-- Material provided --
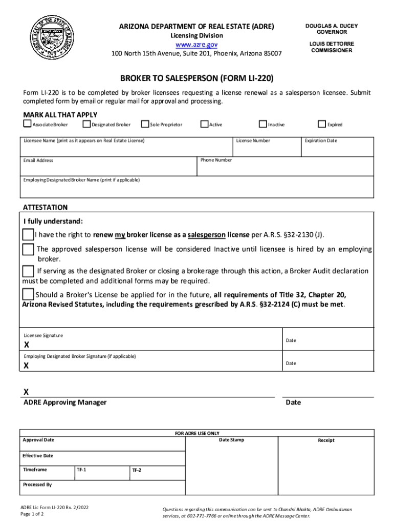 ARIZONA DEPARTMENT OF REAL ESTATE ARE) Licensing DivisionDOUGLAS A. DUCEY Governor.are.gov 100 North 15th Avenue, Suite 201, Phoenix, Arizona 85007LOUIS RESTORE COMMISSIONERBROKER TO SALESPERSON (FORM
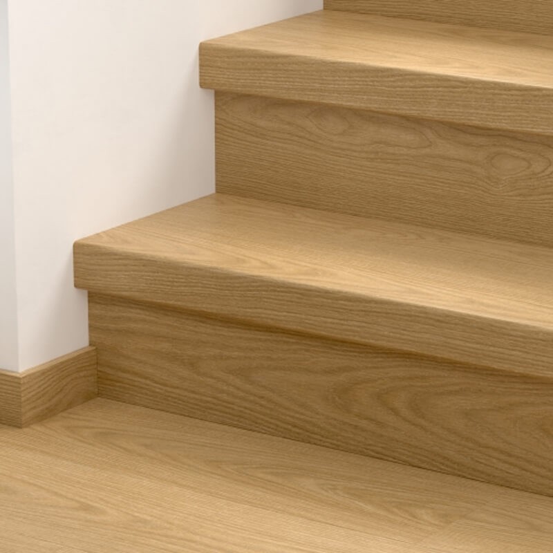 Couvre-marches pour sol vinyle à bord arrondi : une transformation élégante de vos escaliers Vous voulez donner à votre escalier un nouveau look qui correspond à votre beau revêtement de sol en vinyle ? Vous allez adorer nos couvre-marches, le moyen le plus facile et le plus durable de rénover vos escaliers. Votre sol et vos escaliers en harmonie Les couvre-marches sont la meilleure solution et aussi la plus élégante pour rénover votre escalier. Avec une marche et un bord arrondi d'un seul tenant, vous pouvez créer une transition élégante et fluide d'un niveau à l'autre. Ils sont résistants à l'usure, aux rayures, à l'eau, faciles à nettoyer et à poser, parfaits pour tout intérieur. Actuellement uniquement disponible pour Blos, Bloom et Ciro 100 % assortis : Les couvre-marches sont fabriqués à partir de nos propres revêtements de sol Quick-Step, ce qui crée un ensemble harmonieux et homogène pour vos escaliers. Résistants à l'usure et aux rayures : Leur noyau ultra-robuste et leur couche supérieure unique protègent contre les taches, les rayures et les impacts. Pose facile : Les couvre-marches sont faciles à poser sur votre escalier existant avec la colle Quick-Step One4All. Applicable pour : - Escaliers ayant une bordure carrée existante d'une hauteur maximale de 42 mm. - Escaliers avec marches carrées à 90°. Référence : QSVSTRBSP épaisseur : 54 mm Longueur : 1231 mm Largeur : 113 mm Détails du produit : 2 pièces par pack Couvre marche vinyle QSVSTRBSP40278 chêne pain d'épices Quick-Step La restitution des couleurs varie selon le type d'écran. Les caractéristiques des produits sont données à titre indicatif.
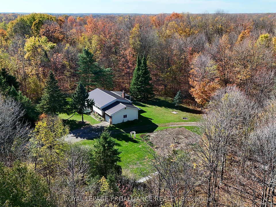 Tucked away on scenic Moneymore Rd, just 20 minutes north of Hwy 401 between Belleville and Napanee, this 19-acre rural retreat offers the perfect balance of privacy, outdoor adventure, and convenience. Surrounded by lakes, rivers, and forest, it's an ideal location for hobby farmers, nature enthusiasts, or anyone dreaming of a peaceful lifestyle with easy access to town. The. land is rich with opportunity - 19 acres of mixed forest including Ironwood, Pine, Sugar Maples crisscrossed with trails and teeming with wildlife. A modest sugar shack sits tucked among the trees, where the current owner tapped approximately 50 maples - imagine producing your own syrup each spring, Whether you're looking to hunt, hike, tap, or simply explore, the property delivers a four-season playground. A 30'x50' detached outbuilding with hydro provides ample space for a workshop, equipment storage, or future barn conversion. Multiple additional sheds offer flexibility for tools, firewood, or small livestock. The raised bungalow features 3 bedrooms and 2 full baths, with a spacious eat-in kitchen perfect for family meals or entertaining. Step outside onto the covered back deck and take in the peaceful country views. Downstairs, the partially finished lower level offers a separate entrance walk-up to the attached garage - ideal for an in-law suite or simply a practical mudroom for kicking off your boots. The home's heating system is a wood/oil forced air combination - gather your own firewood and eliminate heating bills entirely, or let the oil system take over when needed. There's also potential to convert to propane if preferred. Located less than 2km from a well-connected trail network, the property is a dream for snowmobilers, ATV riders, and anyone who loves to explore. Recent updates in 2024 include a new metal roof, water softener, and pressure tank - giving you a solid start for building your ideal rural lifestyle. BONUS: Bell Fibe is available!

-- Work to complete --
Everything from the first line of the listing above through the line that contains "Couvre-marches pour sol" is to be restated word for word, minus the pictures.

-- Solution for this problem --
 ARIZONA DEPARTMENT OF REAL ESTATE ARE) Licensing DivisionDOUGLAS A. DUCEY Governor.are.gov 100 North 15th Avenue, Suite 201, Phoenix, Arizona 85007LOUIS RESTORE COMMISSIONERBROKER TO SALESPERSON (FORM
 Couvre-marches pour sol vinyle à bord arrondi : une transformation élégante de vos escaliers Vous voulez donner à votre escalier un nouveau look qui correspond à votre beau revêtement de sol en vinyle ? Vous allez adorer nos couvre-marches, le moyen le plus facile et le plus durable de rénover vos escaliers. Votre sol et vos escaliers en harmonie Les couvre-marches sont la meilleure solution et aussi la plus élégante pour rénover votre escalier. Avec une marche et un bord arrondi d'un seul tenant, vous pouvez créer une transition élégante et fluide d'un niveau à l'autre. Ils sont résistants à l'usure, aux rayures, à l'eau, faciles à nettoyer et à poser, parfaits pour tout intérieur. Actuellement uniquement disponible pour Blos, Bloom et Ciro 100 % assortis : Les couvre-marches sont fabriqués à partir de nos propres revêtements de sol Quick-Step, ce qui crée un ensemble harmonieux et homogène pour vos escaliers. Résistants à l'usure et aux rayures : Leur noyau ultra-robuste et leur couche supérieure unique protègent contre les taches, les rayures et les impacts. Pose facile : Les couvre-marches sont faciles à poser sur votre escalier existant avec la colle Quick-Step One4All. Applicable pour : - Escaliers ayant une bordure carrée existante d'une hauteur maximale de 42 mm. - Escaliers avec marches carrées à 90°. Référence : QSVSTRBSP épaisseur : 54 mm Longueur : 1231 mm Largeur : 113 mm Détails du produit : 2 pièces par pack Couvre marche vinyle QSVSTRBSP40278 chêne pain d'épices Quick-Step La restitution des couleurs varie selon le type d'écran. Les caractéristiques des produits sont données à titre indicatif.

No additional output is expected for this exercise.